Tuesday, May 8, 2012

Too much democracy

For those who haven't been here, Indonesia is a strange place. In many ways it is a great place to live, but for those of you who have never been outside of Europe or North America you have never seen pollution, traffic, or blatant corruption until travelling through some of the cities in Asia, Jakarta being no exception.


In recent surveys Indonesia scored as one of the happiest countries on earth, but it is also a place that can quickly flare into full-scale riots, as seen a few weeks ago although not widely reported in western media.




It is the largest democratic Muslim country in the world, and there is a general freedom to express political viewpoints of all kinds.
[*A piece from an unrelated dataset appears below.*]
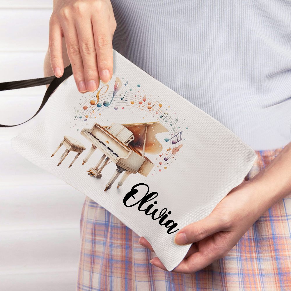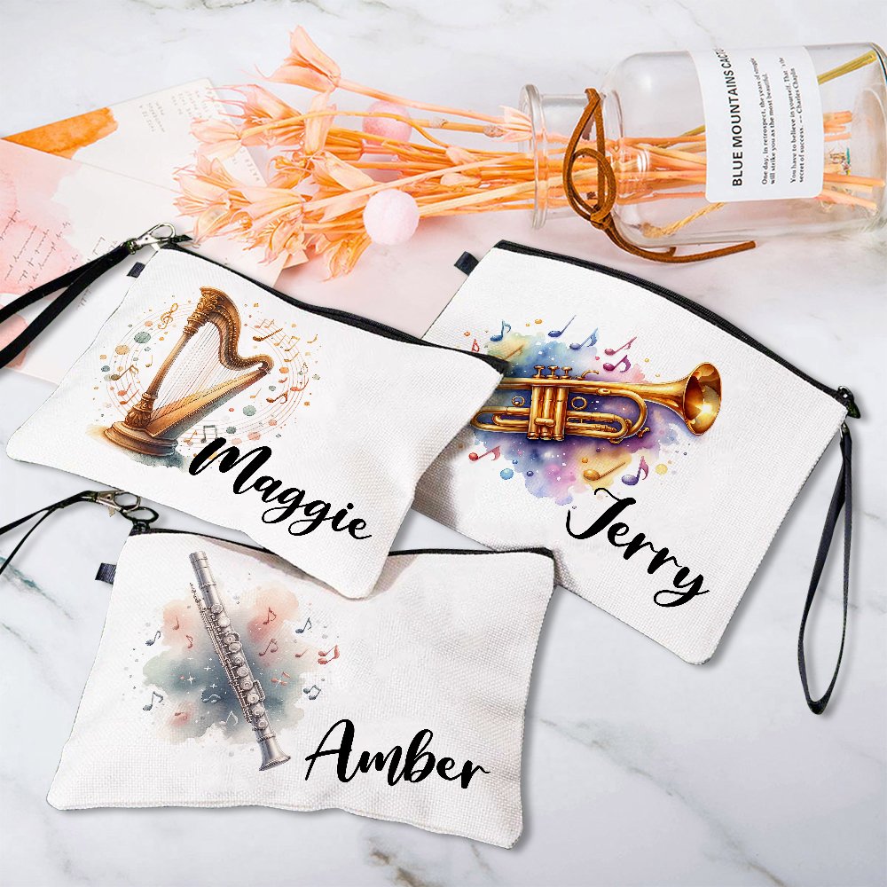 Het cosmeticatasje heeft een aquarel muziekinstrumentenpatroon dat je kunt kiezen uit 17 soorten. Je kunt er ook de naam van de ontvanger aan toevoegen, wat het tasje een persoonlijk tintje geeft en echt uniek maakt.

But ask around and what you will often hear from people on the street is that there is too much democracy, and sometimes a longing for the old days under the dictatorship of Suharto.

It is democracy in the extreme here. There is no infrastructure development, because no elected official can look past their short elected terms. There is no progress on reforms, or laws, because every official seeks to maintain the sharp rhetoric that had them voted into off in the first place, and have no incentive to compromise.

And then there is Aceh province. Aceh is a semi-autonomous province that is extremely Muslim. In most places in Indonesia, Muslim, Hindu, Buddhist, and Christian, live side by side in relative accord, but Aceh has democratically voted themselves into a repressive semi-theocracy.

It is there you will find the mullahs patrolling the streets, and a strong and often hostile xenophobia towards other belief systems. Not, however, imposed on them by any religious authority, but chosen through free and open elections.

Indonesians often look to their thriving neighbors in Singapore, Hong Kong, and Shanghai, and ask themselves if a democratic system is best. In those heavily centrally directed places, things are generally cleaner, more organized, and prosperous. Leading to the conclusion that here you have too much democracy.